- TASK INSTRUCTIONS: What is needed is a verbatim copy of every record below, with the pictures left out.

- DATA UNDER STUDY:

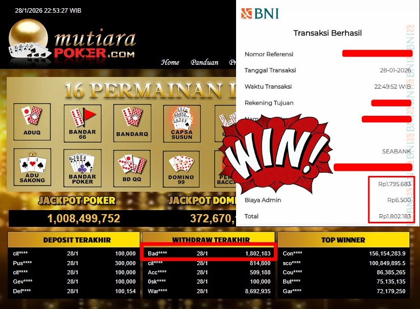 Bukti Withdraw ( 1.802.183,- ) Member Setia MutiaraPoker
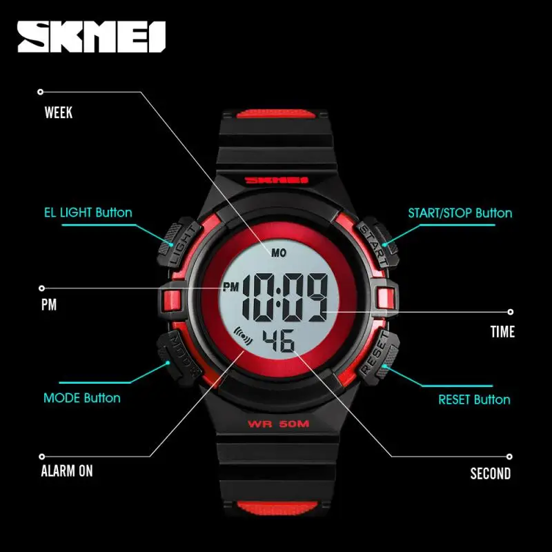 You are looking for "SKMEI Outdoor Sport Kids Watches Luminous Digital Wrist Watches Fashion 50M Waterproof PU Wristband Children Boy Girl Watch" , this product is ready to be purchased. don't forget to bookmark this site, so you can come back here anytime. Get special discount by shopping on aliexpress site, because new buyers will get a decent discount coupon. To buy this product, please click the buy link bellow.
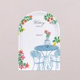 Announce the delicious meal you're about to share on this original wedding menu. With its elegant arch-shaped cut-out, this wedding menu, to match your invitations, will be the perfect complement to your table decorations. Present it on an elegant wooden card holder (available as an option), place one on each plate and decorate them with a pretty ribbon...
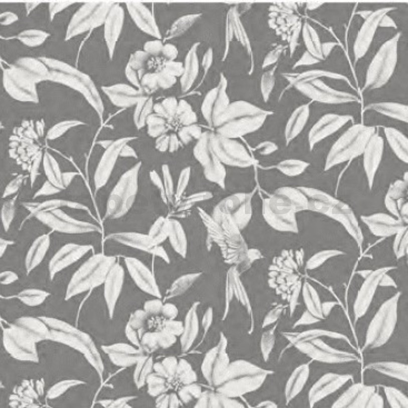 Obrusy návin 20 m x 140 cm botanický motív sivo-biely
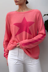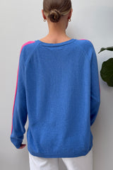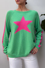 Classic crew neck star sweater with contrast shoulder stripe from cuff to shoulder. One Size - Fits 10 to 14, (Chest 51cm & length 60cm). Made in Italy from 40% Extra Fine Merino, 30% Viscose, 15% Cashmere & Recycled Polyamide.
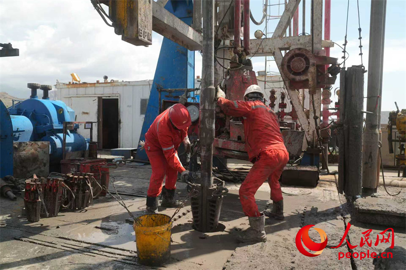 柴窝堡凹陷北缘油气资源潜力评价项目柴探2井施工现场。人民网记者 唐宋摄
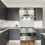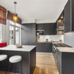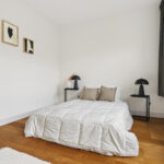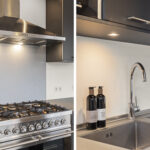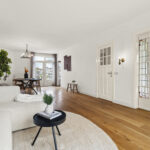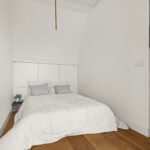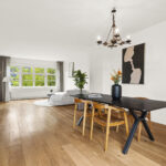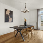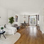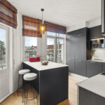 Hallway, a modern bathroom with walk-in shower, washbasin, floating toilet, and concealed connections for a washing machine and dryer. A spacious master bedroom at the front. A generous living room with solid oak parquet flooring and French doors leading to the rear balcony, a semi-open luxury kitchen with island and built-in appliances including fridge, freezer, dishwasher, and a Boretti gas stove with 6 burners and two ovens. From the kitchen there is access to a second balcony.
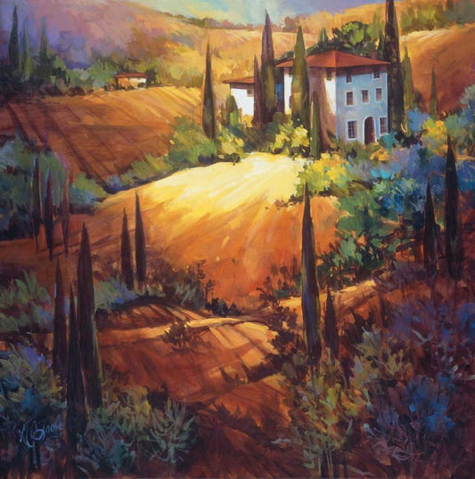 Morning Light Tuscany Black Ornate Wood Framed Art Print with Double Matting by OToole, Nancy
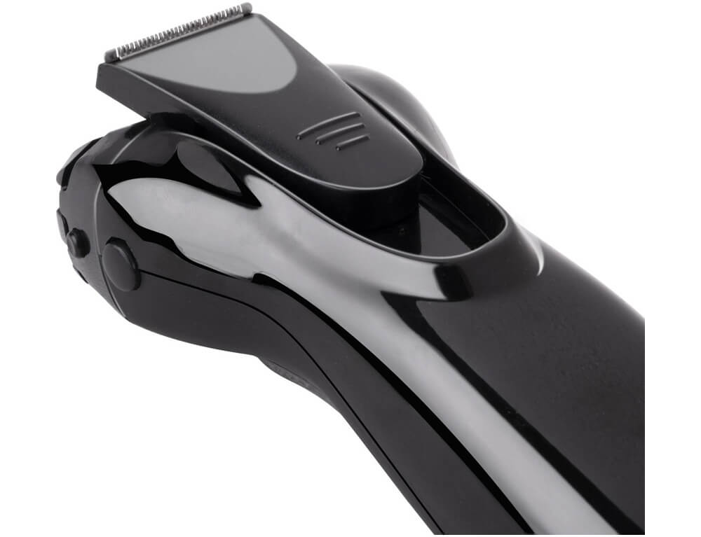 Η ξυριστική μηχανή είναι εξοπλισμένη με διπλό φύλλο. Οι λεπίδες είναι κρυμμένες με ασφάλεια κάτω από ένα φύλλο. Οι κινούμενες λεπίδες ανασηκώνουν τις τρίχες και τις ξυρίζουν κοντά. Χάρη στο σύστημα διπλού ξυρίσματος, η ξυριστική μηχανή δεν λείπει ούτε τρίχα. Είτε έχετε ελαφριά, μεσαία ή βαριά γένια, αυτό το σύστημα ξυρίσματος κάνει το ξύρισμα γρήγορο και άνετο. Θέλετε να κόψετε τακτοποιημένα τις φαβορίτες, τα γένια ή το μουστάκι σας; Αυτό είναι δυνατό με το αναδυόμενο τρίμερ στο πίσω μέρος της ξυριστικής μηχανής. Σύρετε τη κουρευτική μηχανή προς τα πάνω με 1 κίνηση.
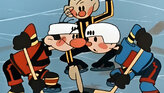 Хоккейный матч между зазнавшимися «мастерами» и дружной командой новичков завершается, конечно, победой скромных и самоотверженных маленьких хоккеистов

- REPLY TO THE TASK:
 Bukti Withdraw ( 1.802.183,- ) Member Setia MutiaraPoker
 You are looking for "SKMEI Outdoor Sport Kids Watches Luminous Digital Wrist Watches Fashion 50M Waterproof PU Wristband Children Boy Girl Watch" , this product is ready to be purchased. don't forget to bookmark this site, so you can come back here anytime. Get special discount by shopping on aliexpress site, because new buyers will get a decent discount coupon. To buy this product, please click the buy link bellow.
 Announce the delicious meal you're about to share on this original wedding menu. With its elegant arch-shaped cut-out, this wedding menu, to match your invitations, will be the perfect complement to your table decorations. Present it on an elegant wooden card holder (available as an option), place one on each plate and decorate them with a pretty ribbon...
 Obrusy návin 20 m x 140 cm botanický motív sivo-biely
 Classic crew neck star sweater with contrast shoulder stripe from cuff to shoulder. One Size - Fits 10 to 14, (Chest 51cm & length 60cm). Made in Italy from 40% Extra Fine Merino, 30% Viscose, 15% Cashmere & Recycled Polyamide.
 柴窝堡凹陷北缘油气资源潜力评价项目柴探2井施工现场。人民网记者 唐宋摄
 Hallway, a modern bathroom with walk-in shower, washbasin, floating toilet, and concealed connections for a washing machine and dryer. A spacious master bedroom at the front. A generous living room with solid oak parquet flooring and French doors leading to the rear balcony, a semi-open luxury kitchen with island and built-in appliances including fridge, freezer, dishwasher, and a Boretti gas stove with 6 burners and two ovens. From the kitchen there is access to a second balcony.
 Morning Light Tuscany Black Ornate Wood Framed Art Print with Double Matting by OToole, Nancy
 Η ξυριστική μηχανή είναι εξοπλισμένη με διπλό φύλλο. Οι λεπίδες είναι κρυμμένες με ασφάλεια κάτω από ένα φύλλο. Οι κινούμενες λεπίδες ανασηκώνουν τις τρίχες και τις ξυρίζουν κοντά. Χάρη στο σύστημα διπλού ξυρίσματος, η ξυριστική μηχανή δεν λείπει ούτε τρίχα. Είτε έχετε ελαφριά, μεσαία ή βαριά γένια, αυτό το σύστημα ξυρίσματος κάνει το ξύρισμα γρήγορο και άνετο. Θέλετε να κόψετε τακτοποιημένα τις φαβορίτες, τα γένια ή το μουστάκι σας; Αυτό είναι δυνατό με το αναδυόμενο τρίμερ στο πίσω μέρος της ξυριστικής μηχανής. Σύρετε τη κουρευτική μηχανή προς τα πάνω με 1 κίνηση.
 Хоккейный матч между зазнавшимися «мастерами» и дружной командой новичков завершается, конечно, победой скромных и самоотверженных маленьких хоккеистов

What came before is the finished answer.